SIGNER shall bear the burden of proving that any of the foregoing exceptions apply.
5. Return or Destruction of Materials
Upon FRONTIER’s written request, SIGNER shall promptly return or securely destroy all materials or documents containing FRONTIER’s Confidential Information, including all copies, within ten (10) days after: (a) the conclusion or rejection of the Business Relationship, or (b) receipt of such written request.
If FRONTIER elects destruction, SIGNER shall provide a letter signed by an authorized officer confirming that the Confidential Information and all copies have been securely destroyed.
For electronic data, SIGNER shall permanently delete such information from its systems, backups, and archives, to the extent commercially practicable.
6. No Licenses or Warranties
All Confidential Information remains the sole property of FRONTIER. Nothing in this Agreement shall be construed as granting any license or other rights under any patents, copyrights, trade secrets, or other intellectual property rights of FRONTIER.
All Confidential Information is provided “as is.” FRONTIER makes no representation or warranty, express or implied, as to the accuracy or completeness of its Confidential Information, and SIGNER assumes full responsibility for all conclusions derived therefrom.
7. Term
This Agreement shall remain in effect for three (3) years from the Effective Date. SIGNER’s confidentiality obligations shall survive for the later of:
(a) five (5) years following the Effective Date, or
(b) three (3) years following the last disclosure of Confidential Information under this Agreement.
8. Irreparable Harm
SIGNER acknowledges that any breach of this Agreement may cause irreparable harm to FRONTIER for which monetary damages would be inadequate. Accordingly, FRONTIER shall be entitled to seek injunctive or equitable relief without the necessity of proving actual damages.

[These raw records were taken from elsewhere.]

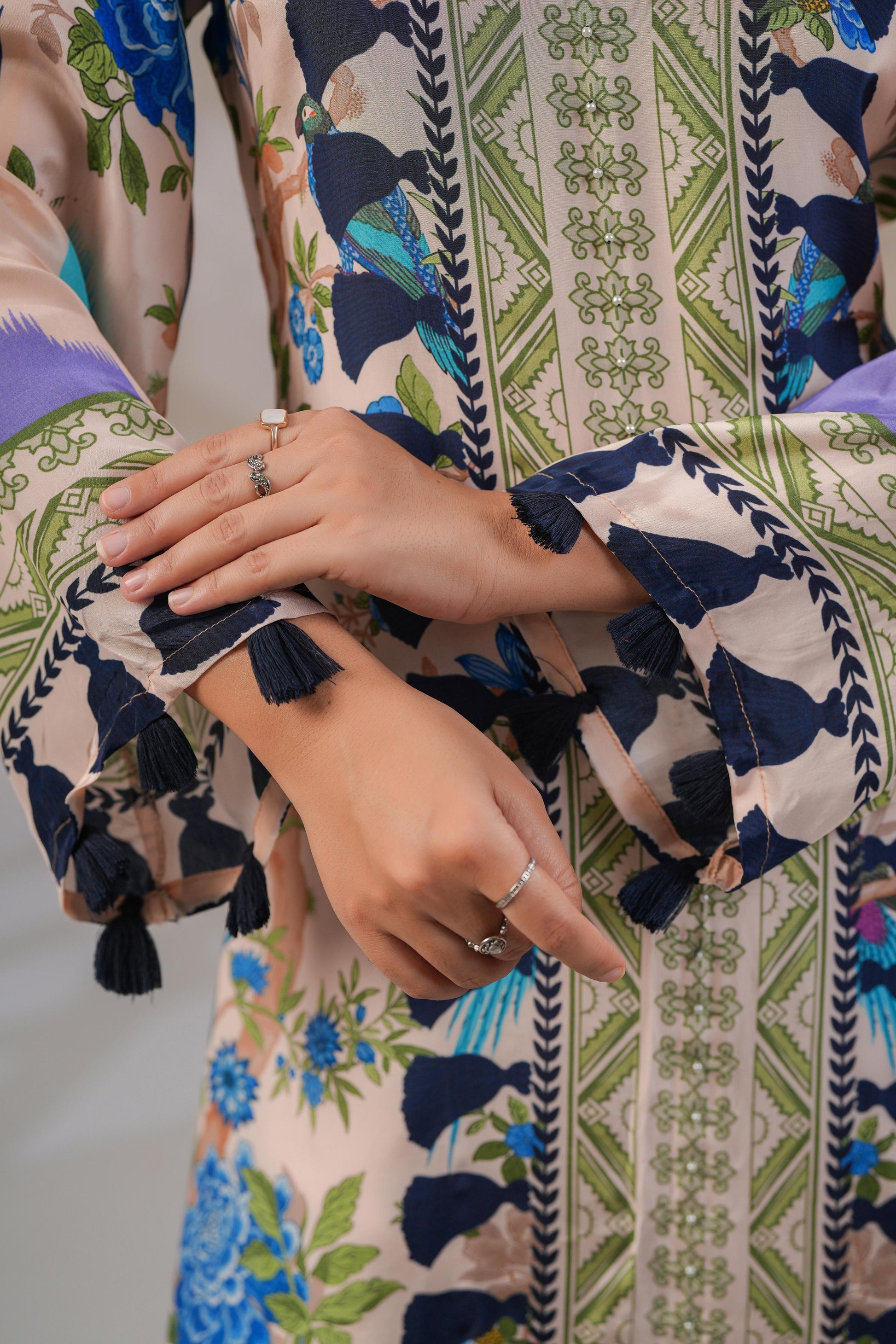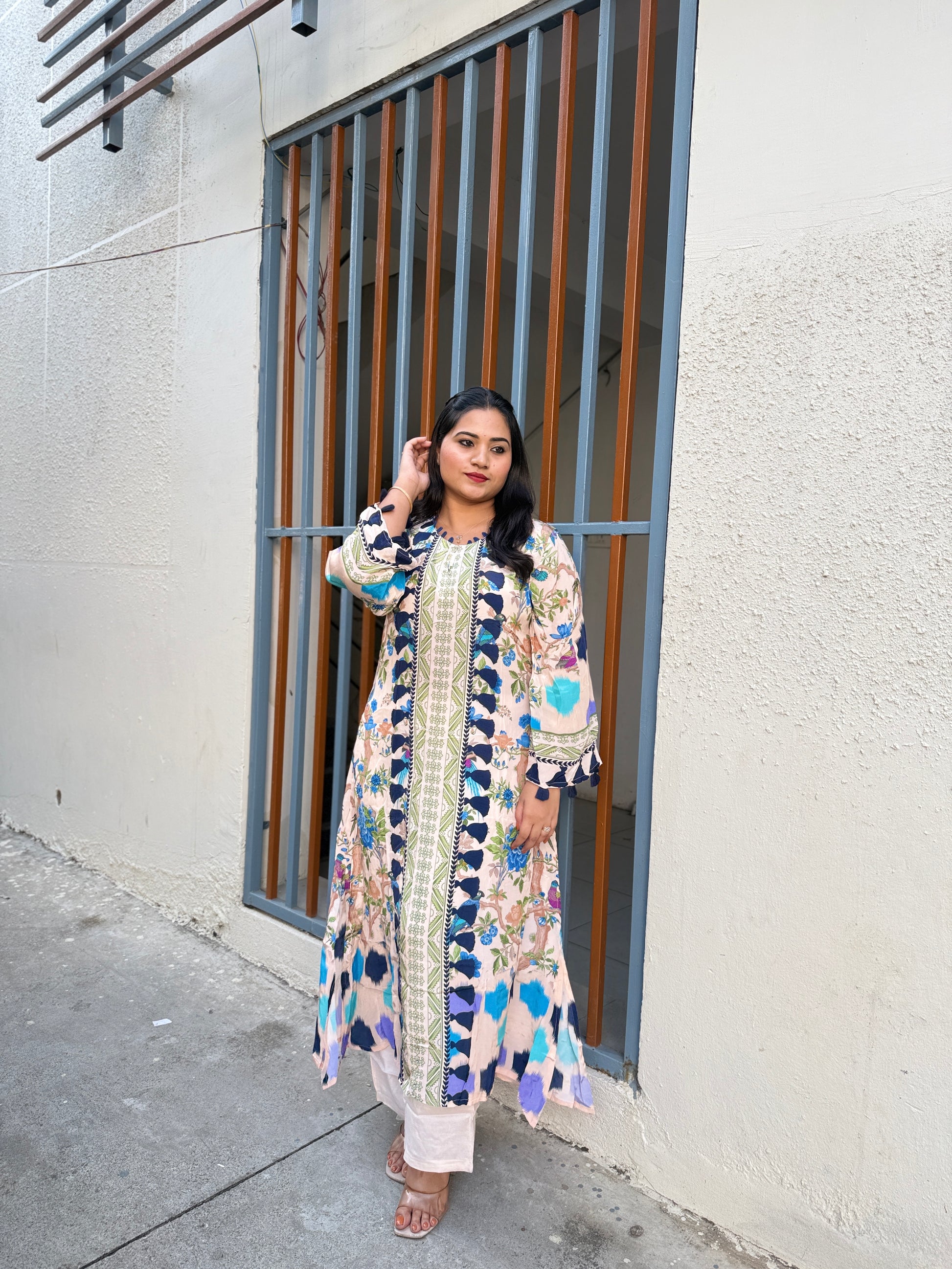 Redefine ethnic elegance with this premium kurta pant set featuring digital placement prints on soft crepe fabric. The straight-cut kurta is enhanced with tassel detailing on the hem and sleeves, adding a touch of artisanal charm. Paired with sleek shantoon pants for a polished finish, this outfit is perfect for semi-formal gatherings, festive brunches, and graceful daytime dressing. Designed for women who value refined fashion with modern flair.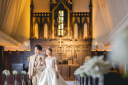 祭壇に向かって歩き始めるおふたり。扉を開けると自然光が差し込むため、祭壇とはまた違う雰囲気のお写真に仕上がります☺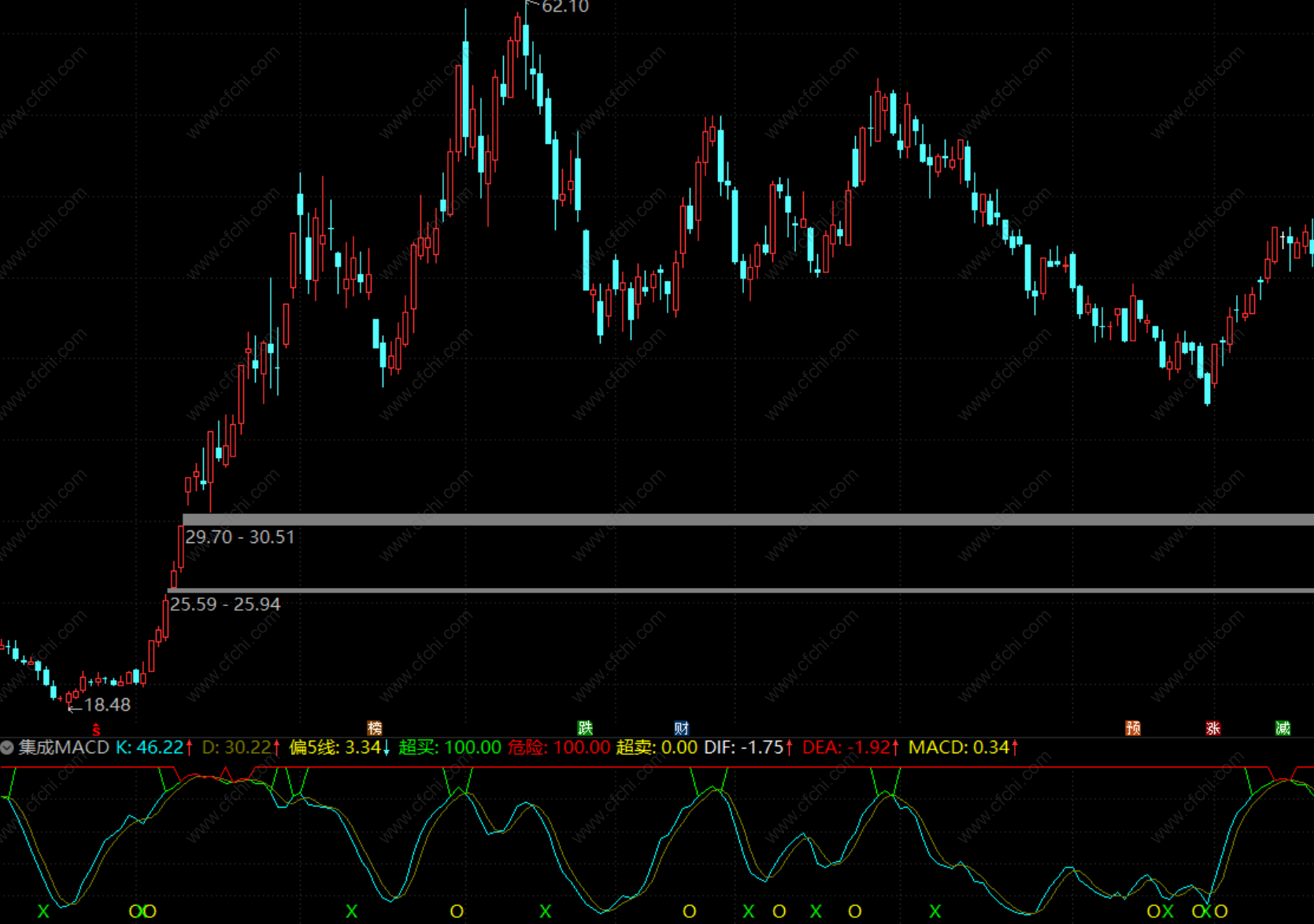 财富池指标公式网(www.cfchi.com)提醒您:指标公式是通过数学逻辑角度编写而来,仅是股票分析环节中的一个辅助工具,对股票选股效率和分析便捷上起到一定的作用,股市是具有不确定性和不可预测性的,请正常对待和使用指标公式!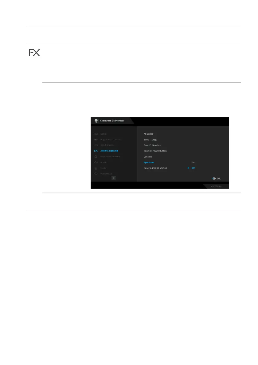 Resets all settings under the AlienFX Lighting menu to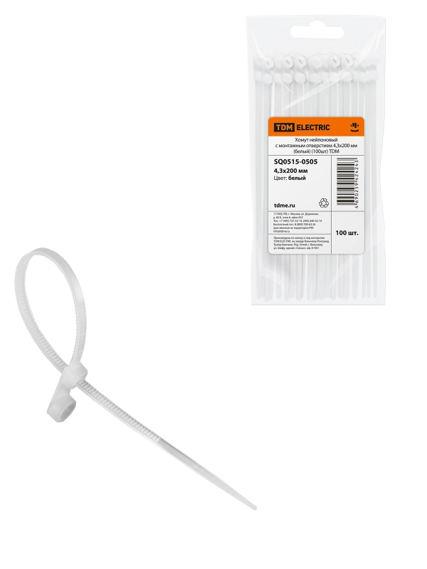 Хомут нейлоновый с монтажным отверстием 4,3х200 мм (белый) (100шт) TDM

9. Independent Contractors
FRONTIER and SIGNER are independent contractors. Nothing in this Agreement shall be construed to create a partnership, joint venture, employment, or agency relationship between them, except as may later be agreed in writing in connection with a reseller, agent, or carrier agreement.
10. General Provisions
This Agreement shall be governed by and construed in accordance with the laws of the Province of Ontario, without regard to its conflict-of-law principles.
SIGNER may not assign or transfer its rights or obligations under this Agreement without FRONTIER’s prior written consent.
If any provision of this Agreement is held invalid or unenforceable, the remaining provisions shall remain in full force and effect.
No modification or waiver of this Agreement shall be effective unless in writing and signed by authorized representatives of both Parties.
This Agreement constitutes the entire agreement between the Parties regarding the subject matter hereof and supersedes all prior communications or agreements, oral or written, concerning the disclosure of Confidential Information.
This Agreement may be executed in counterparts, each of which shall be deemed an original and all of which together shall constitute one and the same instrument.
Signatures delivered electronically (including scanned or digital signatures) shall be deemed original and fully effective.